Along the same lines, he refers to the obstacles that the geothermal industry faces for the generation of electricity, noting that “when the geothermal boom arrived, in the 2000s, it was due to a sum of issues. First, there were years of drought and then the gas was cut from Argentina. Then, the State realized that it had no electricity and for that reason it elaborated a geothermal law to incorporate geothermal exploration. This generated a lot of speculation, because a geothermal law was used that was practically a modification of the mining law, without knowing the implications of exploration on the geothermal issue. Then, the companies requested concessions to do exploration and practically filled the entire country with concessions.”

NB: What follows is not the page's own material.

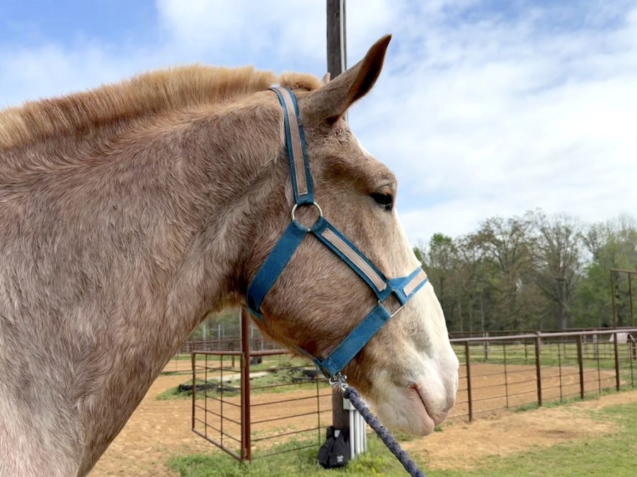 Dolly has been bred to a mammouth jack and is expecting a spring foal. She can sell bred now or with a draft-mule on her side, or she can sell after we weane her little one 6 months post birth.

The context at the time was characterized by very high energy prices, above USD 100/ MWh and in that scenario the opportunity was very attractive for geothermal developers.

In the same statement, Jerónimo Carcelén, President of the Geothermal Council, refers to the work on the development of geothermal plants, focusing on geological risk and high investment costs. In this regard, he points out “The main problems for its implementation are geological risk and financial risk, represented by the low probability of finding the geothermal reservoir and the high investment costs involved in exploratory drilling”

It highlights that to date there are new financial and risk mitigation instruments, all of them international, to which you can apply to mitigate the financial risks referred to the exploration phase.

The situation changes completely when the plant enters into operation, to which Carcelén indicates “… the operating costs are very reasonable, with a plant factor of 95%. This has been the experience with geothermal energy in its more than 100 years of operation in the rest of the world. There are countries like Iceland, where its penetration is so powerful, that nine out of every ten homes are heated by this type of energy and 25% of its electric matrix is ??geothermal energy. ”

Regarding the role of the State in geothermal development, Morata is emphatic in pointing out that a clear strategic line has been lacking about what the State wants and what he expects from the development of geothermal energy, both in environmental terms and in a vision of the future. In this regard, he points out “International experience says that in all countries, from the most capitalist to the most communist, in all, it has been first the State that makes the initial investment and then leaves the hand to the private ones. You must have a strategic line from the State and the private sector. Investment in geothermal energy is more expensive at the beginning and there is uncertainty when it comes to exploration. But that uncertainty can be minimized through science. ” For example, coal-fired power plants will be closing in the coming years, which produce about 2,500 MW. What do we replace it with?”

Regarding geothermal energy, it stands out that it is stable, safe, renewable, sustainable, flexible, native, with a low water and carbon footprint, allowing direct and indirect uses.

Today, Chile has a geothermal project in operation, Cerro Pabellón of 48 MW and with an additional 33 MW under construction. In addition, the Mariposa and Peumayen projects are under development, which are working on the environmental assessment and seeking financing for the development of deep exploration, starting in 2021. Other projects with initial exploratory development are Tinguiririca and Licancura III.

Carcelén indicates that in the last 10 years, the geothermal industry has invested more than US $ 500 million in exploration, development and construction of projects in Chile.